One person twittered that Apple could easily solve this network overloading problem if they'd just provide a live video/audio feed of the keynote, thus make all the liveblogging, etc, unnecessary.


So all-in-all a decent Steve Keynote, but not one, I think, that will go down as legendary. (Except maybe for the network failure part.)

Saturday, June 5, 2010

The future...

Interesting quote from the novel I'm reading, Infoquake:
"Your future is what you decide to do tomorrow."

Wednesday, June 2, 2010

iPhone/iPad development book

At Andy's dinner last week I was turned on to a beginners iPhone programming book that I was told was just right for me. It's called "Beginning iPhone 3 Development: Exploring the iPhone SDK" and yes, it's excellent.

I'm only up to chapter 4, but already it's clarified iPhone development concepts that I've been struggling with using other resources.

It's written very clearly. It's organized to present ideas in a gradual fashion, and at a pace that is fast enough to still be a challenge, but not so fast as to be indigestible.

Highly recommended.

PS. I'll post here when I publish my first iPhone and/or iPad apps.

Tuesday, June 1, 2010

Quiet Again

Traditionally, well in my world anyway, Memorial Day is the start of summer.
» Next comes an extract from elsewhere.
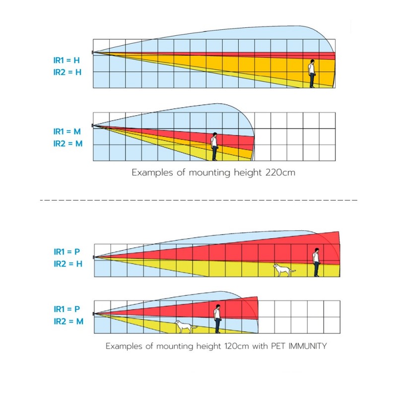 | Configuração no detetor (LEDs e botões) | Sensibilidade / Anti-masking / Tamper anti sabotagem/ Altura de montagem / Imunidade dos animais / Intervalo de deteção (mais informação pág. 9 manual na secção de download) |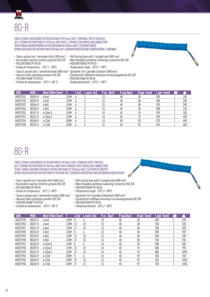 SPIRALSCHLAUCH AUS POLYURETHAN PU 98 SHORE MIT 2 GERADEN ENDSTÜCKEN UND DREHBAREN ANSCHLÜSSEN

Perhaps strangely, "summer" was defined by when you could comfortably go swimming in the lake here at lookoutPoint. And that has always been from Memorial Day to Labor Day.

So it was with odd pride that I was able to swim almost a week earlier.

Over the years the activity level here at Pawuckaway has grown in a very particular way. Weekdays are relatively quiet, but weekends get very busy, crowded and noisy. And starting the day after school ends both those categories will increase by quite a bit.

When I was a kid the weekends were the time to be at the lake. It's when we'd come here in the spring and fall, and it was typically when I'd find my summer friends also here. But since returning the the east coast almost ten years ago I developed this feeling that the weekends are when you want to hide-out.

During the week the lake and its surroundings are quite pleasant, but on the weekends it too crowded and noisy. It's tempting to make plans to go elsewhere for the weekends, and return on Monday for the quiet.